Terrain of Mars Is Seen in High Relief

Times Staff Writers

NASA’s Spirit rover on Monday beamed back a three-dimensional, 360-degree view of its Gusev Crater landing site on Mars, a prelude to the more spectacular high-definition color images expected today.

The Monday morning news conference at Pasadena’s Jet Propulsion Laboratory, where the photo was revealed, was a scene reminiscent of a 1950s-era movie.

Reporters and NASA team members donned 3-D glasses — paper frames with one blue plastic lens and one red one — and jaws dropped as the rocks and depressions just beyond the lander emerged in high relief.

Then a group of Mars team members displayed two 9-foot-long images of the stereoscopic landscape, an instant mural of discovery.

The most prominent feature in the image is a crater, roughly 30 feet in diameter and 40 to 50 feet north of the rover. Acknowledging the long hours the Spirit team has been working, Steve Squyres of Cornell University, the mission’s principal investigator, dubbed the depression Sleepy Hollow, and indicated it is likely to be the first destination for the rover.

“It’s a window into the interior of Mars,” he said. “On the far wall, there is rock exposed, so this may be a chance to see what rock looks like in the upper layers [of the Martian surface]. It’s a very exciting feature.”

Squyres noted that there appeared to be a large number of smaller depressions near the landing site, possibly the results of secondary cratering — material ejected from a large asteroid strike that then fell back to the surface, producing its own craters.

Sleepy Hollow would be about a day’s drive away if the team were more experienced at handling Spirit, Squyres said. “But we don’t have our Martian driver’s license yet, so we are going to take it nice and slow. If it takes a week to get to Sleepy Hollow, that will be fine with me.”

The rover will probably make at least one scientific stop along the way.

The photos reveal two large rocks along the route, and Spirit will probably stop and analyze their composition.

Sunday “was a good day on Mars,” said Matt Wallace, Spirit mission manager. “The good news just keeps on coming.”

Like a tourist checking into a resort hotel, Spirit has begun unlimbering its instruments, arranging communications and taking a look around the landing site to get its bearings.

Since Spirit arrived on the Martian surface Saturday, everything has checked out perfectly, team members said. All of Spirit’s instruments are working, good communication links have been established and the site promises to provide a wealth of scientific details.

“We’ve demonstrated that we can command the rover” from Earth, Wallace said. “All went well.”

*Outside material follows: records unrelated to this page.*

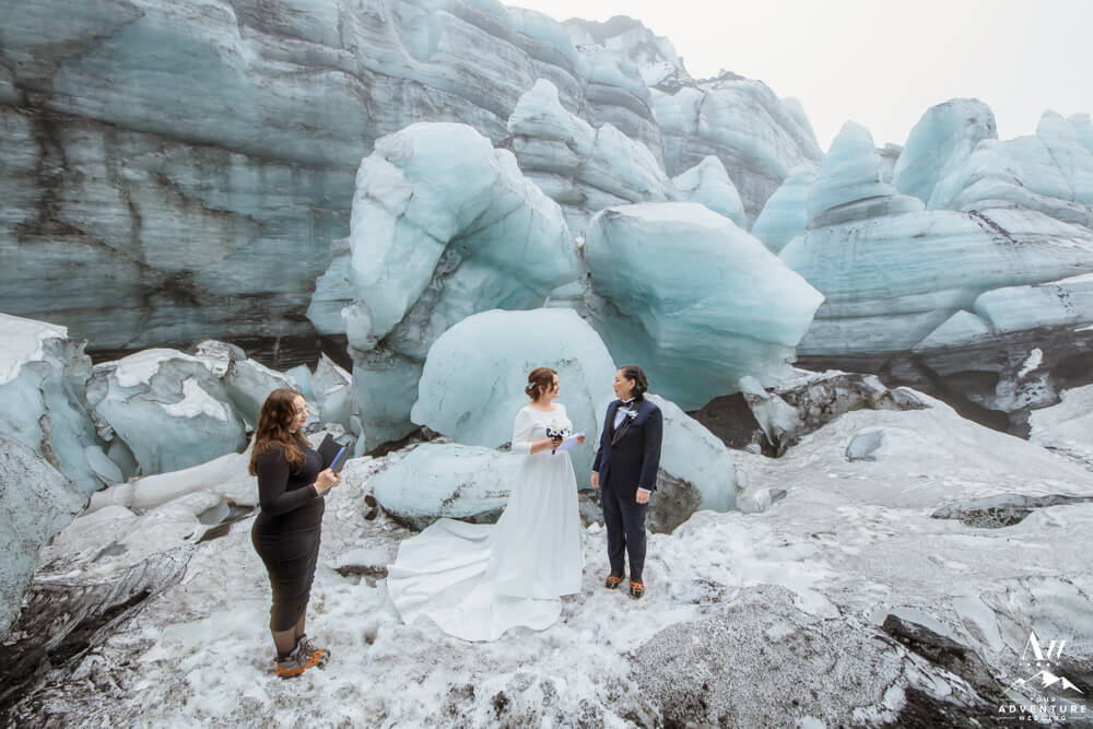 Over 400,000 glaciers across 50 countries line our little planet called earth.  So imagine being a couple who has to narrow down where their glacier elopement will take place.  Hard choice!  But luckily Iceland has 13 insanely beautiful ones to choose from!  And that brings us to our fabulous couple, Amie and Heather whose story we will tell today…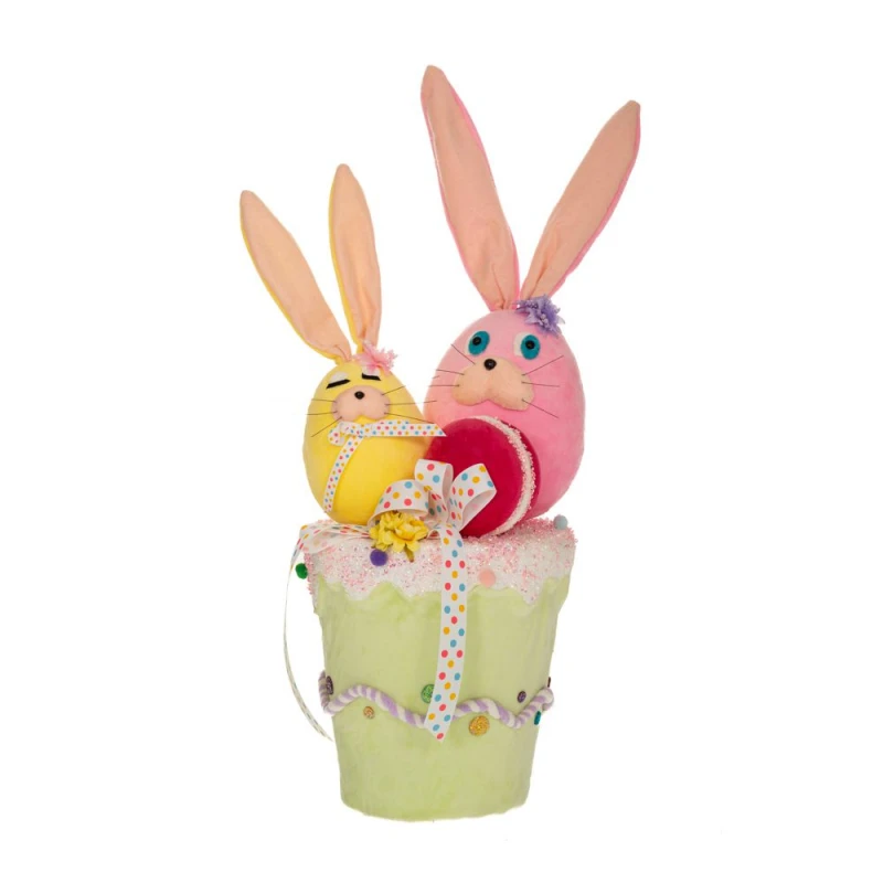 Πασχαλινό διακοσμητικό επιδαπέδιο καλάθι πολύχρωμο με δύο λαγουδάκια υφασμάτινο από την iliadis - Διαστάσεις: 22x24x60εκ.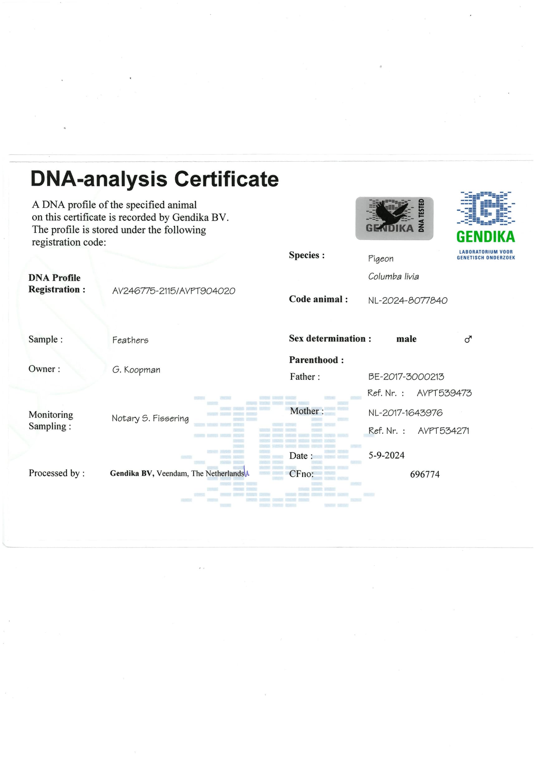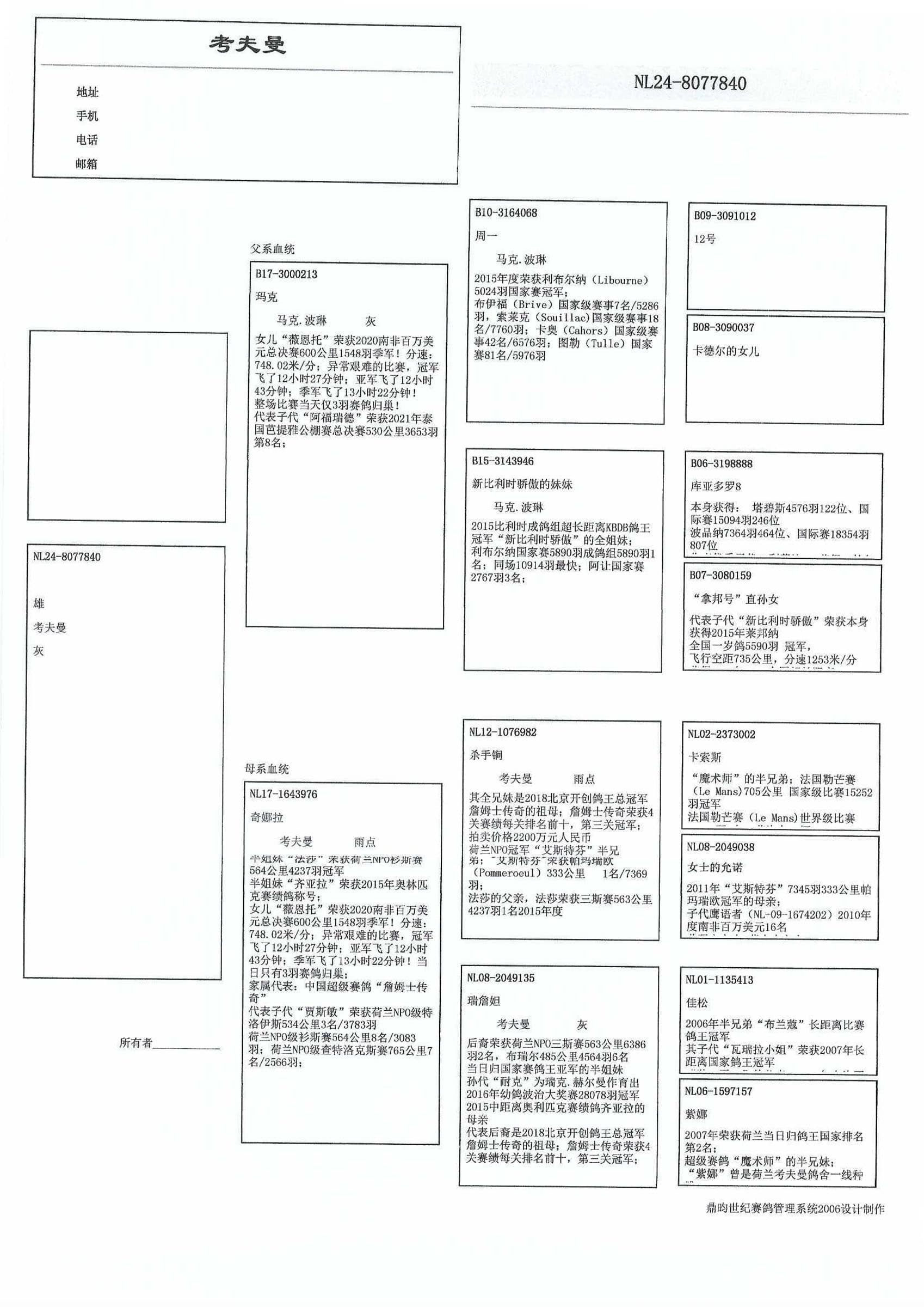 “杀手锏” x “瑞詹妲”(代表孙代 “耐克” -1名 全国波治28,078羽瑞克.贺尔曼原舍-  和 奥林匹克鸽 “齐亚拉”)

Scientists had been particularly concerned about Spirit’s Mossbauer spectrometer, a German-built instrument designed to determine the composition of iron-bearing minerals that are difficult to detect by other means.

The instrument was badly shaken during Spirit’s launch in June, and malfunctioned during the seven-month cruise to Mars. Researchers spent a great deal of time during the flight attempting to work around the problem.

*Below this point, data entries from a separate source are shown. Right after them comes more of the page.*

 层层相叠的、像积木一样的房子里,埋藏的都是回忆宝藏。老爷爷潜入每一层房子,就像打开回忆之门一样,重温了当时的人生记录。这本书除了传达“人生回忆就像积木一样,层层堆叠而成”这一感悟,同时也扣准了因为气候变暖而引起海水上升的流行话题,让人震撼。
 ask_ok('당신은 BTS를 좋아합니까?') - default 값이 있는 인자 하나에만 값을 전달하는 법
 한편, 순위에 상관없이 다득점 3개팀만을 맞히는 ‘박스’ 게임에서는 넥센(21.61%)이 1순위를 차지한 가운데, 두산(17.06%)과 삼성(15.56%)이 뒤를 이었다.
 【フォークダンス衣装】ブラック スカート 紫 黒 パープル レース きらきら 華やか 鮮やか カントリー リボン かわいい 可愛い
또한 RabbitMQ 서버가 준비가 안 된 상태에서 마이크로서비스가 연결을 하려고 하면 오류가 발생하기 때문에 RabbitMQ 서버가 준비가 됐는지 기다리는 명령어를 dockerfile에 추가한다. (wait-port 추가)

When the team confirmed late Sunday that it was working, Squyres said, there was “whooping and hollering” just like there had been in the control room on the night of the landing — “but it was all in German.”

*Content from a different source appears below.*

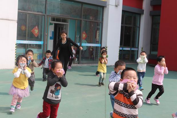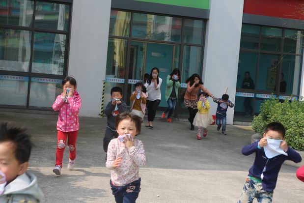 上午十点,随着一阵消防警报声响起,全园幼儿在教师的带领下,迅速用湿毛巾捂住口鼻,弯腰伏身,紧张而有序地按预定疏散路线,从“火场”逃离,疏散到幼儿园的操场上。从警报声响起到三个楼层全园师生全部撤离到指定的安全位置,用时两分半钟,演练取得圆满成功,达到了预期的目的。为确保演习活动的圆满落幕,幼儿园在前期制定了周密的预案,同时还进行了安全教育。

The team still has a week’s worth of preparatory work before the rover can get on with its real mission, which is to move around on the surface and look for signs that water once existed in the crater in large quantities — an indication that life may have existed there as well.

Controllers will take the first steps in that direction today by ordering the rover to rear up on its hind four wheels so that the front two wheels can be extended from their folded transport position and locked into place.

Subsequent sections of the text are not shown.